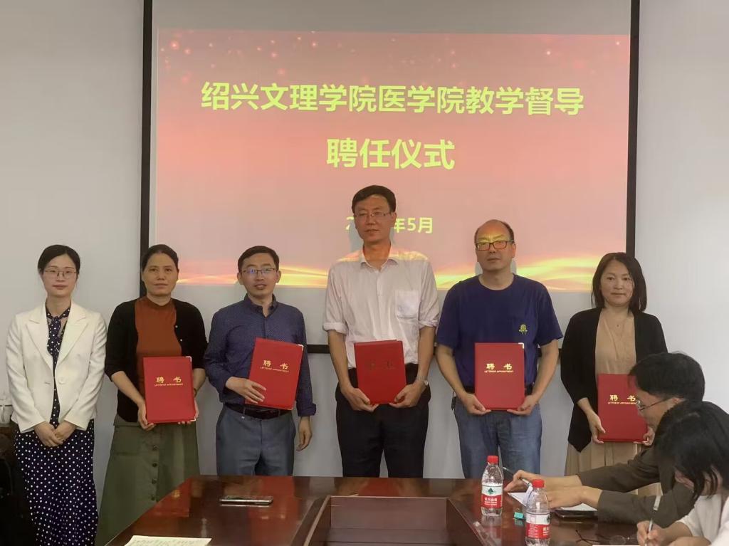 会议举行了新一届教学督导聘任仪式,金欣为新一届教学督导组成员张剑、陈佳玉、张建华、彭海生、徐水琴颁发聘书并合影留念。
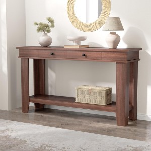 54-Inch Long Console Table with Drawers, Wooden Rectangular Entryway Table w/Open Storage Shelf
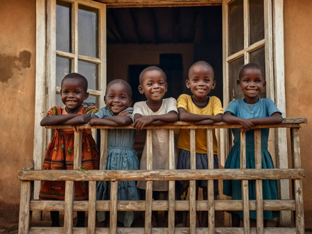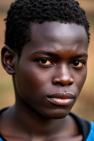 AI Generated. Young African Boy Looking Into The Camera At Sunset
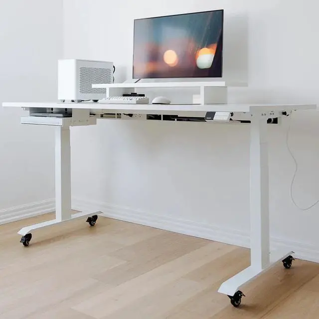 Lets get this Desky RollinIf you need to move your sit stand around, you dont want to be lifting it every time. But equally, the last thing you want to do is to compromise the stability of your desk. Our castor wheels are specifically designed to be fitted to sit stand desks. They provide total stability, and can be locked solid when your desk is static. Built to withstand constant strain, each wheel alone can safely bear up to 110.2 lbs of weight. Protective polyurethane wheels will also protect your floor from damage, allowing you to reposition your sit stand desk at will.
▬▬▬
● **Task directions**: What is needed is an exact reproduction of the data, pictures excluded.

● **Your response**:
 会议举行了新一届教学督导聘任仪式,金欣为新一届教学督导组成员张剑、陈佳玉、张建华、彭海生、徐水琴颁发聘书并合影留念。
 54-Inch Long Console Table with Drawers, Wooden Rectangular Entryway Table w/Open Storage Shelf
 AI Generated. Young African Boy Looking Into The Camera At Sunset
 Lets get this Desky RollinIf you need to move your sit stand around, you dont want to be lifting it every time. But equally, the last thing you want to do is to compromise the stability of your desk. Our castor wheels are specifically designed to be fitted to sit stand desks. They provide total stability, and can be locked solid when your desk is static. Built to withstand constant strain, each wheel alone can safely bear up to 110.2 lbs of weight. Protective polyurethane wheels will also protect your floor from damage, allowing you to reposition your sit stand desk at will.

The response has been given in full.